Of course, NBC’s cancellation of Star Trek: The Original Series was not the end of the franchise. Later in 1969, the show entered syndication, where many viewers saw it for the first time. Surprisingly, the series performed better in its syndicated time slots, resulting in its fan base swelling by 1972. The show’s success in syndication also gave way to Star Trek: The Animated Series.

A revival series titled Star Trek: Phase II was planned for the mid-1970s, but the success of Star Wars: Episode IV – A New Hope in 1977 saw that project eventually evolve into Star Trek: The Motion Picture, the first of what would be six feature films to feature the cast of Star Trek: The Original Series.

After Star Trek: The Next Generation took the franchise to new levels of popularity during the ‘80s and ‘90s, Star Trek became a permanent fixture of pop culture, with multiple spinoff series and movies being released almost every year.
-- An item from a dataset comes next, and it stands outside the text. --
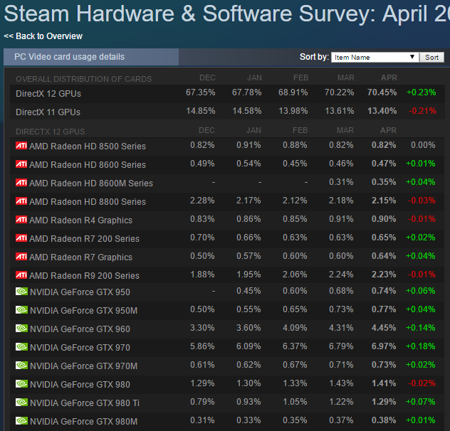 Bei den Spieleentwicklern gehen ja die Preise auch nicht so kontinuierlich und steil nach oben (um einmal in der gleichen Branche zu bleiben und nicht die Autoindustrie als Vergleichsbeispiel zu bemühen), auch wenn der Aufwand, bspw. durch DirectX12, um einiges steigt und programmieren komplexer geworden ist. Wenn das beim PC so weiter geht, bin ich auch in ein paar Jahren (nur für Spiele, denn dafür schaffe ich mir solch eine Grafikkarte an) bei den Konsoleros, anstatt diese Entwicklung weiter mitzufinanzieren bzw. wett zu rüsten. Jedenfalls denke ich bei der nächsten Grafikkarte eher über ein Klassen-Downgrade (von unterer Oberklasse zu Mittelklasse) nach (womit es auf eine Polaris 10 Karte (R9 480(X)) hinauslaufen dürfte) als bei der gleichen Klasse zu bleiben, die preis-leistungstechnisch wohl aus dem Ruder läuft, zumindest scheint das bei nVidia relativ gesichert zu sein (abwarten, wie teuer AMDs Vega 10 in Form einer R9 490 Karte werden und was diese bieten wird).

Was the original Star Trek a failure?

Although Star Trek: The Original Series was not a commercial success during its original run on NBC from 1966 to 1969, the science fiction show has since become one of the most popular and influential television series of all time. Its progressive social commentary, optimistic vision of the future, and its diverse cast of characters have resulted in several successful spinoff series and movies that continue to entertain and inspire its devoted fan base all over the world.

Where to watch Star Trek: The Original Series

All three seasons of Star Trek: The Original Series are streaming on Paramount+.